The validation study began in December 2024, with radiologists independently reviewing the MRI scans without AI assistance. Each reader assessed 64 cases, identifying and annotating suspicious lesions, assigning PI-RADS scores, and reporting their level of diagnostic confidence. After a 6-week interval, intended to minimize recall of prior assessments, the AI-assisted session was conducted. Between February and March 2025, the same radiologists re-evaluated the 64 MRI scans, this time supported by AI: 32 cases with the Candiolo model, and 32 with the Champalimaud Foundation model.

Performance metrics included overall sensitivity, specificity and reporting times, with and without AI assistance. Additional analyses stratified the results by lesion aggressiveness, size, location and MRI vendor.

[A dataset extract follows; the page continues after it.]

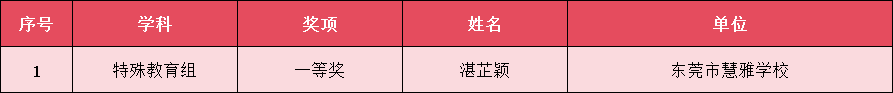 第五届广东省中小学青年教师教学能力大赛特殊教育组获奖名单(东莞)

The results demonstrated a significant improvement in lesion detection sensitivity among readers whose baseline (unaided) sensitivity was below 80%, along with a reduction in reporting times of approximately 16% (120 seconds unaided vs 100 seconds AI-aided).

 

  mean unassisted sensitivity mean assisted sensitivity Δ p
readers with
unassisted sensitivity <50%
43% 58% +15% 0.018
readers with
unassisted sensitivity
between 50-80%
62% 69% +7% 0.035
readers with
unassisted sensitivity ≤80%
57% 66% +9% 0.003
readers with
unassisted sensitivity >80%
88% 77% -11% 0.059

 

 

The clinical validation study concludes that AI-assisted reading can enhance radiologist performance in prostate MRI interpretation, especially for those with a lower baseline sensitivity. These findings support the integration of AI tools into routine clinical workflows to improve readers diagnostic accuracy, particularly for the less experienced readers.